= Ethyle Batley =

British actress and filmmaker (1876–1917)

Ethyle Batley (born Alice Ethel Murray; 3 December 1876 – 23 April 1917) was a British film director, actress and screenwriter. She made nearly 70 films between 1912 and her early death in 1917.

==Early life and career==
Batley was born in December 1876 in Wigan, northwest England, the second daughter of an iron merchant. In the late 1890s, she travelled to London to work as a theatre actress, performing under the name Ethyle Gordon Murray.

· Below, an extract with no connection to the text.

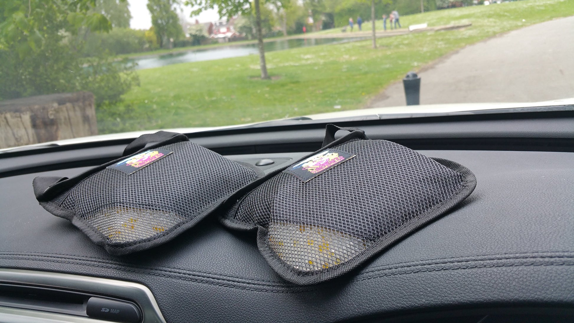QUALITY SILICA FILLED DEHUMIDIFIER BAGS . Silica is generally recognized as the best chemical for Dehumidifiers The Damp Eater Has been designed and assembled in The United Kingdom where we have one of the most unpredictable climates for damp in the world. This Model we have supplied a special size storage bag ,You can store in your door pocket so as to save the time between charging,as the damp eater is a dynamic moister eliminator as soon as it comes in contact with the atmosphere ,just get into the habit of leaving it on your dashboard when you park up for the night.The Damp eater is also fitted with a unique carrying handle for storage or to place in an additional place has it has many usages. in the home ,camping ,boating ect .You will know when it needs charging YOU WILL SEE THE COLOUR CHANG IN THE WINDOW .Do not worry that the bag will break,they are the same bags used to carry shot lead by deep sea divers around the world.So are virtually indestructible,you can CHARGE in a microwave,for 6min ,and the Damp Eater is ready for action again, we have also made a Velcro tot to remove the gel for quicker and more thorough drying,

While working with a touring theatre company, Murray met Ernest Batley, an actor from East London. They were married on 22 June 1901 at a registry office ceremony in Wandsworth, and began their married life living in Battersea. In 1902, Ernest and Ethyle had their first child, actress Dorothy Audrey Batley, who was born on 18 January.

==Film career==
Ethyle's first directing credit was in October 1912, with the film Peggy Gets Rid of the Baby, which starred Dorothy in the lead role. During the First World War, Batley was one of the most active directors of patriotic films.

==Legacy==
Batley's contribution to the early history of cinema in Britain has often been overlooked or understated. In 2009, film historian Gerry Turvey described her as a "unique figure" who "merits fuller recognition than she has so far received".